Darfur rebels hijack plane to fly to France: Libya

TRIPOLI (AFP)
The hijackers of a Sudanese passenger plane with more than 100 people on board have claimed to belong to a Darfur rebel group and want to fly to Paris, Libyan officials said Wednesday.
The Sun Air Boeing 737 was hijacked shortly after it took off from Nyala, the largest city in Darfur, on Tuesday afternoon bound for the capital Khartoum, and was granted permission to land by Libyan authorities at Kufra military airport in the southeast of the country after it ran short on fuel.
The hijackers, who have refused to talk directly with Libyan officials, have said they belong to the Sudanese Liberation Army, whose exiled leader Abdel Wahid Mohammed Nur lives in Paris, said the director of the airport, Khaled Saseya.
"The plane's pilot has indicated that the hijackers, who number 10 or maybe more ... have said they belong to the Sudanese Liberation Army of Abdel Wahid Mohammed Nur," he told the Libyan official news agency Jana.
The pilot said "the hijackers claim to have coordinated with him (Nur) to join him in Paris," he added.
Saseya said the hijackers have demanded a flight plan to Paris and fuel.But Nur, whose group is one of the two main rebels movements that have been fighting in Darfur since 2003, denied they were involved in the hijacking.
"We categorically deny the responsibility of our movement in this hijacking operation," Nur told press.
"We don't support putting the lives of Sudanese civilians at risk in any circumstances," he said from his home in Paris.
The hijackers continue to refuse to talk to Libyan officials directly, said Saseya.
"The hijackers refuse to free any passengers or even open the doors which have remained closed since the plane landed," he said.
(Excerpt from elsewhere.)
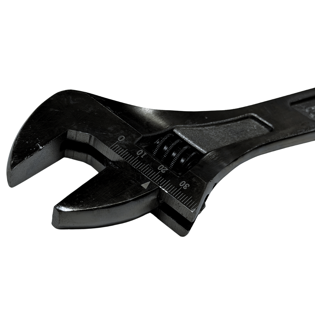 Denna skiftnyckel är utrustad med en tydlig måttskala direkt vid käftöppningen, vilket gör det enkelt att snabbt ställa in rätt grippvidd. Det ger högre precision och minskar risken för fel vid arbete med muttrar och bultar.
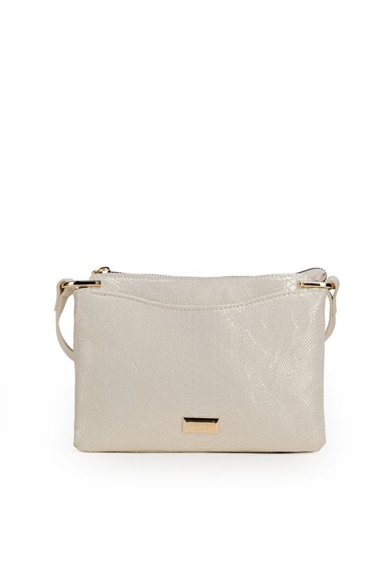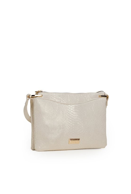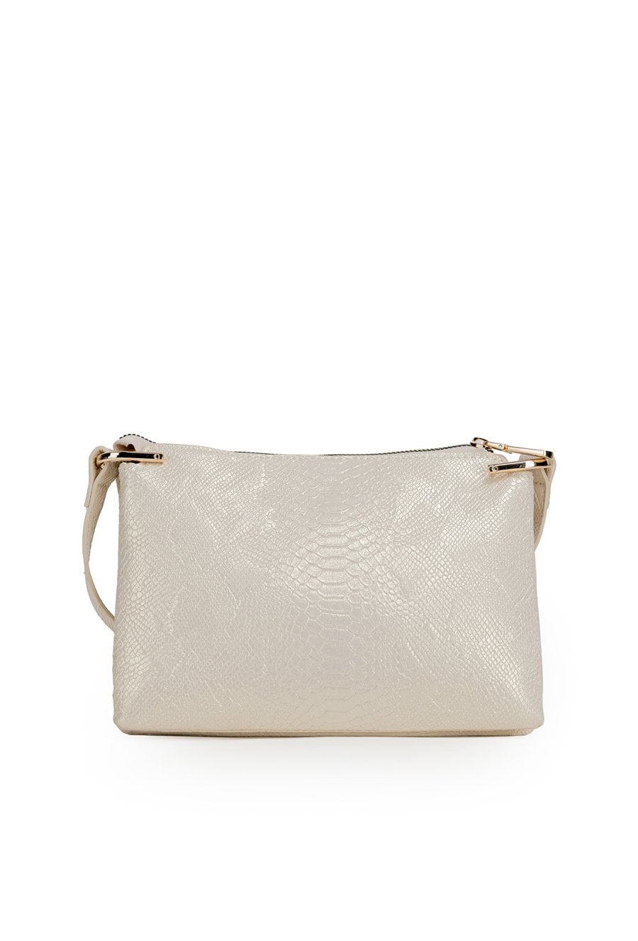 Elegancka torebka damska o wymiarach 22 × 16 × 3,5 cm. Jednokomorowy model z przedziałem pośrodku oraz dodatkowymi kieszonkami na drobiazgi. Torebka zawieszona na regulowanym pasku. Torbę należy przechowywać w dołączonym woreczku.

With the hijacking stretching past 12 hours, several passengers have fainted after the plane's air conditioning system failed, the pilot told airport officials early on Wednesday.
Sun Air executive manager Mortada Hassan has said there were 95 passengers and seven crew on board the plane. Two airline staff earlier told AFP that 87 passengers were on the flight.
Ibrahim al-Hillo, a commander in Nur's Sudanese Liberation Army, said the hijacking was the natural consequence of government repression of those displaced by the fighting in Darfur.
"This is the result of what the government is doing in the camps of displaced people in Nyala," he told AFP by telephone on Tuesday.
On Monday, Sudanese security forces pushed into one of the biggest and most volatile camps for displaced people in the country's western region of Darfur, at Kalma, just outside the hijacked plane's point of departure, Nyala.
U.N.-led peacekeepers said 33 people were buried on Tuesday following armed clashes between police and camp residents.